Any Damn Fool Can Be A Farmer     

by Bob Knopes
Price: $12.95

192 Pages, Paperback, 5.25 x 8.25

ISBN-10: 0-9768146-0-9
ISBN-13: 978-0-9768146-0-3

View a sample chapter from this title (PDF Format)

What was it like to live, work and play on a small dairy farm in Wisconsin during the Great Depression? From barn- burning fires to blinding blizzards, from Model T's to pickup trucks, from large family gatherings to quiet nights around a radio.

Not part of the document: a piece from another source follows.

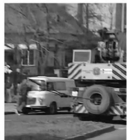
1. Kiss István debreceni Tanácsköztársaság-emlékművének ledöntése, 1990. március 20. Little Warsaw: Rebels . Budapest: tranzit.hu-Kassák Lajos Alapítvány, 2017. 30. A művészek jóvoltából © Kis Varsó © HUNGART 2020

This is an intimate look back at continuity and change on one family's farm.


About The Author

Bob Knopes spent the first 19 years of his life on the family farm. After serving in the Navy during the Korean War, he graduated from the Univerisyt of Wisconsin and went on to a career overseas with the Department of State. Now retired and living in Virginia, he still feels a fondness for the family farms that for a time were the backbone of agriculture, but now have passed into history.


Customer Reviews

Paul Dehler from Brookfield , WI
 It's amazing how similar our lives were as kids growing up on a Wisconsin farm. It's almost scary. It's as if our destinies were precast. I am exactly 10 years younger than Bob but we had a farm, as I look back, to merely keep us busy and at the same time provide food for the table. Ours was a 100 acre farm in Washington county WI. My Dad worked in a factory at night, and slept late because he got home at midnight. We did not have horse in my time but the stories about learning to drive a tractor and a truck are parallel. We also had ponies. I learned alot about construction by helping my Dad install the plumbing system in our house during the early fifties. I remember milking by hand before the milk machine came along. Had the same watering tank in the barn but ours leaked. My Dad had plent of labor from me and my older brother. During realy cold weather one of my jobs was to water the cattle by hand. I found out a thirsty cow can down 15 gallons of water at one watering. We watered them twice a day. I carried five gallon buckets of water, two at a time from the milkhouse to the barn each day when the weather was too cold to water cattle outside. Any kid that grew up on a farm will want to read this. I read it in two sittings and I'm not an avid reader. I have retina damage in my left I and need to squint one eye shut to read. Any damn one eyed fool can be a farmer.